Probabilistic circuits (PCs) have gained prominence in recent years as a versatile framework for discussing probabilistic models that support tractable queries and are yet expressive enough to model complex probability distributions. Nevertheless, tractability comes at a cost: PCs are less expressive than neural networks.

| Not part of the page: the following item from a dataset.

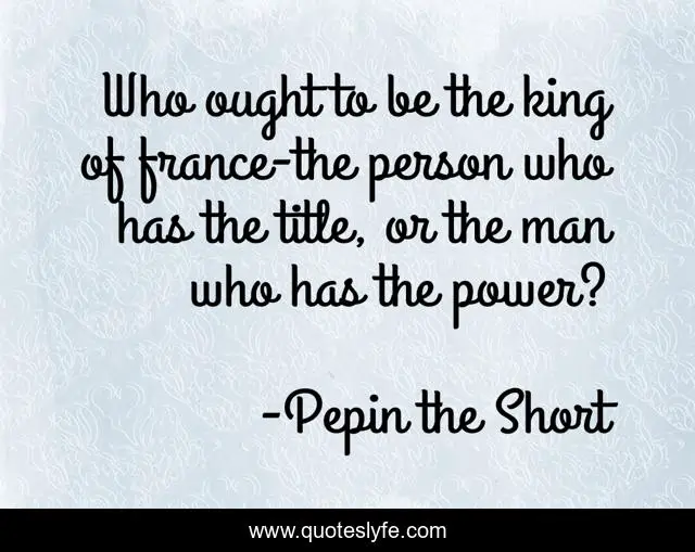 This page presents the quote "Who ought to be the king of france-the person who has the title, or the man who has the power?". Author of this quote is Pepin the Short. This quote is about king, france, power, title,.
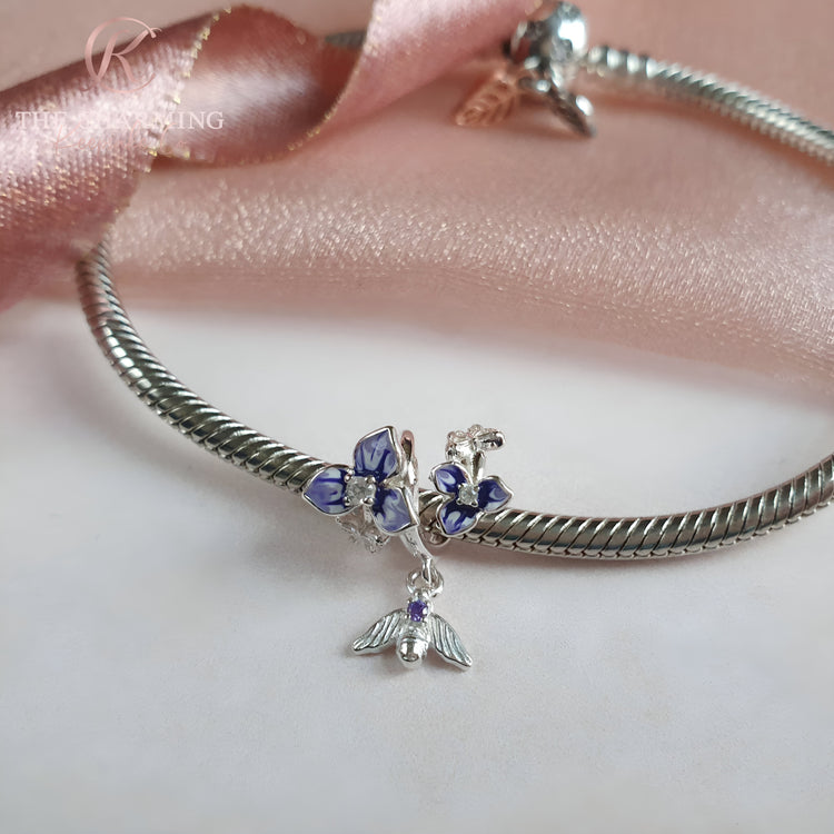 Flowers & Bee Charm 925 Sterling Silver & Purple

In this paper we introduce probabilistic neural circuits (PNCs), which strike a balance between PCs and neural nets in terms of tractability and expressive power. Theoretically, we show that PNCs can be interpreted as deep mixtures of Bayesian networks. Experimentally, we demonstrate that PNCs constitute powerful function approximators.
概率神经回路
近年来,概率电路(PCs)作为讨论概率模型的通用框架日益受到人们的重视,它既支持简单明了的查询,又有足够的表现力来模拟复杂的概率分布。然而,可操作性是有代价的:PC 的表现力不如神经网络。在本文中,我们介绍了概率神经回路(PNC),它在可操作性和表现力方面实现了个人计算机和神经网络之间的平衡。从理论上讲,我们证明 PNC 可以解释为贝叶斯网络的深度混合。实验证明,PNC 构成了强大的函数近似器。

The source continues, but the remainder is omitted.